During this period, he produced his first text books, the English Workshop series, and then, for older children, Contemporary English. His play series New Directions featured one-act plays often by new writers, many of whom went on to be household names. They appealed to a great number of schools and colleges, as did his later Playbill, Prompt and Wordplays series. See Other books for details.

In the early seventies, he moved on to become head of English at the CF Mott College of Education, Huyton. One of his students was having a particularly rough time on teaching practice, trying to get a tough inner-city class interested in Shakespeare. Each night, Alan provided him with an excerpt from Macbeth translated into modern English. The impact on the pupils was dramatic, and out of that grew Shakespeare Made Easy.

Theatre was a passion for Alan Durband and during the early sixties he led a campaign to save Liverpool’s ‘New Shakespeare’ theatre. In 1964, he jointly founded the Liverpool Everyman Theatre where he served for nearly 30 years as vice-chair, chair and vice-president.

The Shakespeare Made Easy books were written in Benidorm, Spain where in later years he and his wife Audrey spent their winters. He would often write sitting on the beach, with Audrey transcribing his work each day onto what now seems a very primitive word processor.

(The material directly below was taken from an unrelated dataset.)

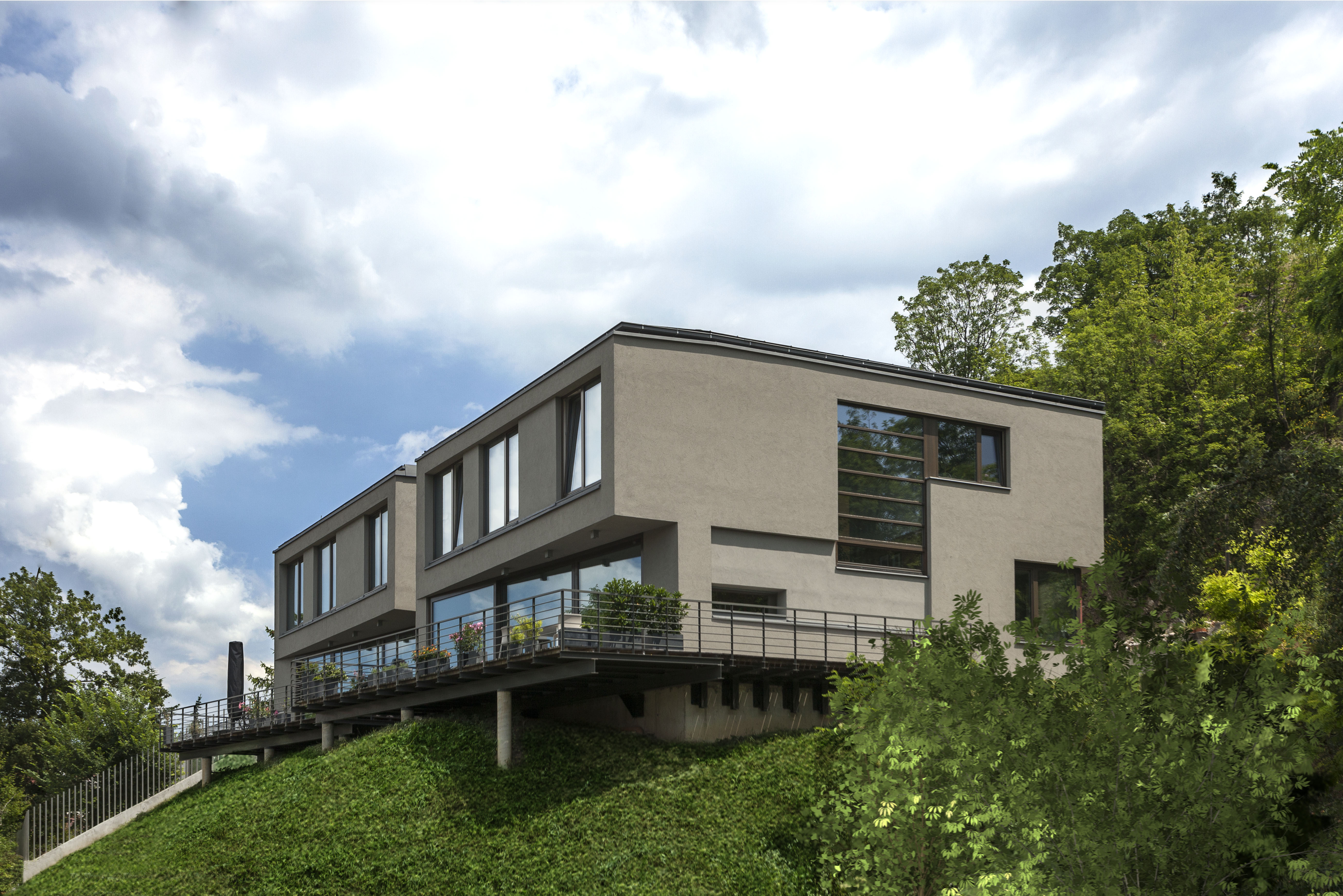 Az Év Homlokzata 2016 társasház kategória díjazottja a Benczúr-Weichinger Studio, a Budapest II. kerületében épült kétlakásos ház építészei: ifj. Benczúr László és Weichinger Miklós.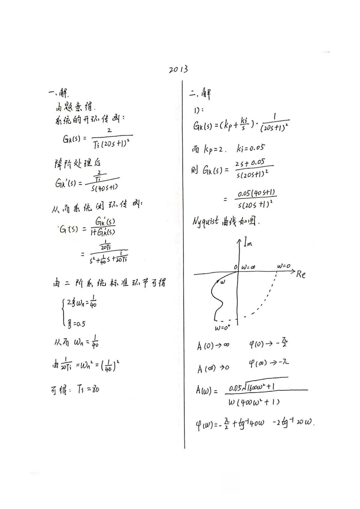 华北电力大学(保定)820自动控制理论二2013年考研真题答案解析

After many years of heart trouble, it was in Spain that Alan Durband died in November 1993 at the age of 66. In 1997 an event was organised by playwright (and former Writer-in-Residence at CF Mott College of Education) Willy Russell to pay tribute to Alan and to unveil a plaque at the Liverpool Everyman theatre. Former Everyman actors including Pete Postlethwaite OBE were there, and children’s writer Brian Jacques. Many who could not attend sent tributes - including Sir Paul McCartney who wrote that Alan Durband ‘was the most important teacher of my school years.’